Thursday, July 07, 2011

 

Why Government Making Corporate Jets More Expensive Is Bad for Everyone

The jet industry is hurting because of Obama's verbal attacks.
Much has been made of President Barack Obama’s repeated demonizing of corporate jets and the people who fly on them in his June 29th press conference.

While pundits and politicians haggle over whether alterations in the depreciation schedule of corporate jets will actually have an impact on the deficit, those in the general aviation trenches are furious.

Aircraft Owners and Pilots Association (AOPO) President Craig Fuller told The Daily Caller that Obama’s comments have cast a pall over the industry, causing many who were considering buying a plane to back away from making a purchase.

“The industry has suffered terribly in the last two and a half years and it has just started to recover. Most of the signs were starting to look good,” said Fuller. “We are so angry as an industry and we have all come together to try to bring a more fair and balanced description to the debate.”
Those of us who pay attention to history learned a lesson twenty years ago.
President Bush, in his budget proposals, asked Congress to repeal the 10 percent luxury tax on yachts priced at more than $100,000 (and also on private planes that cost more than $250,000). The repeal, which Congress is likely to approve, would be retroactive to Feb. 1.

Since the tax took effect in January 1990, hundreds of builders of large and small boats have spoken of it as a stake driven into the heart of an industry already suffering from the recession, tighter bank rules on financing and fallout from the gulf war.

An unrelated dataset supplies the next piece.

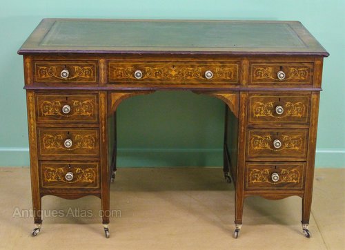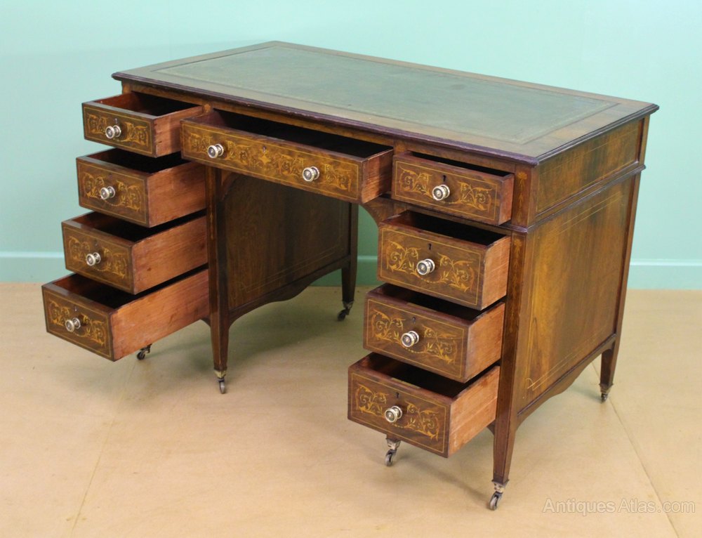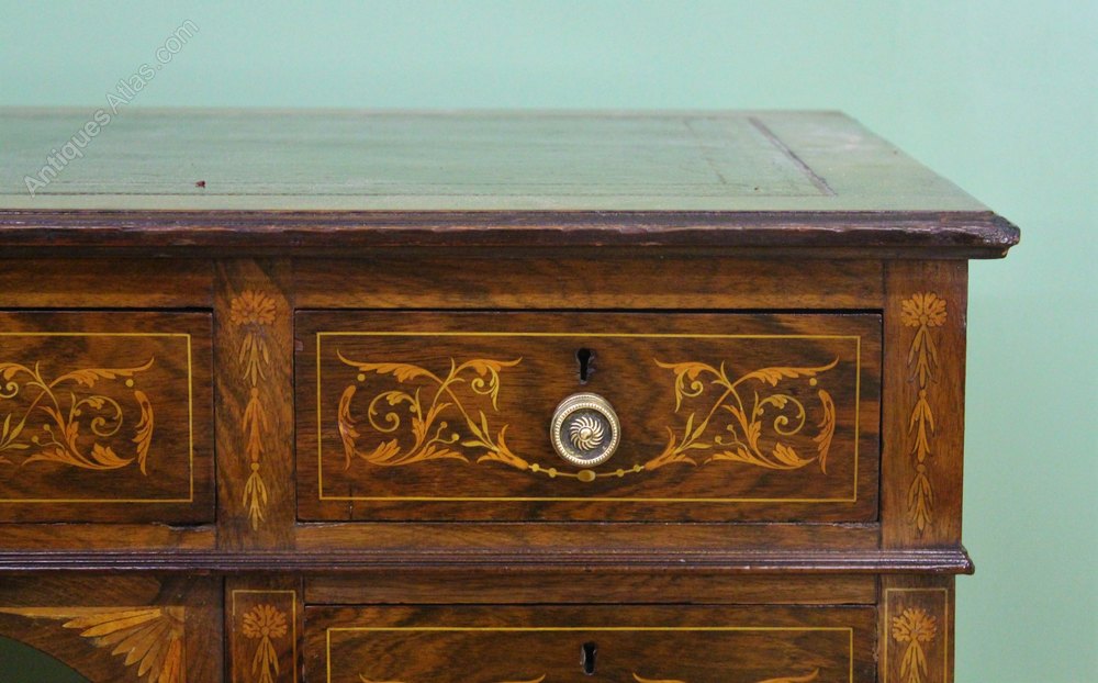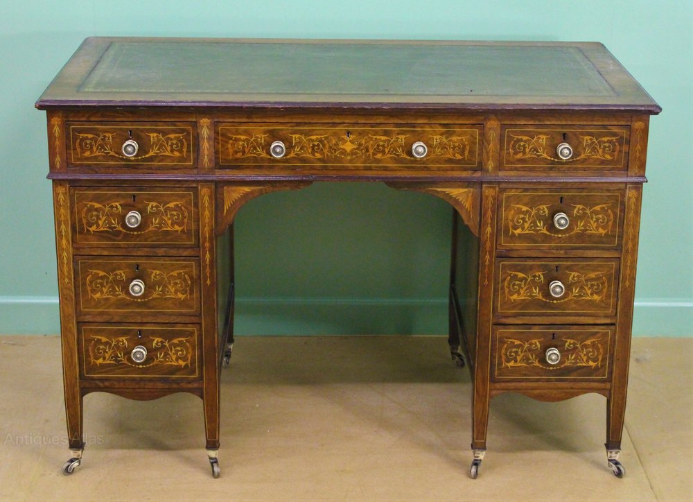 Antique Victorian Mahogany Inlaid Kneehole Desk

In the last two years, about 100 builders of luxury boats -- recreational craft costing more than $100,000 -- cut their operations severely and laid off thousands of workers. Some builders filed for protection from creditors under Chapter 11 of the Federal Bankruptcy Code.
Emphasis added.

Obama's either economically stupid, cares more about his left-wing agenda or both. Just don't wonder why the economy continues to flounder.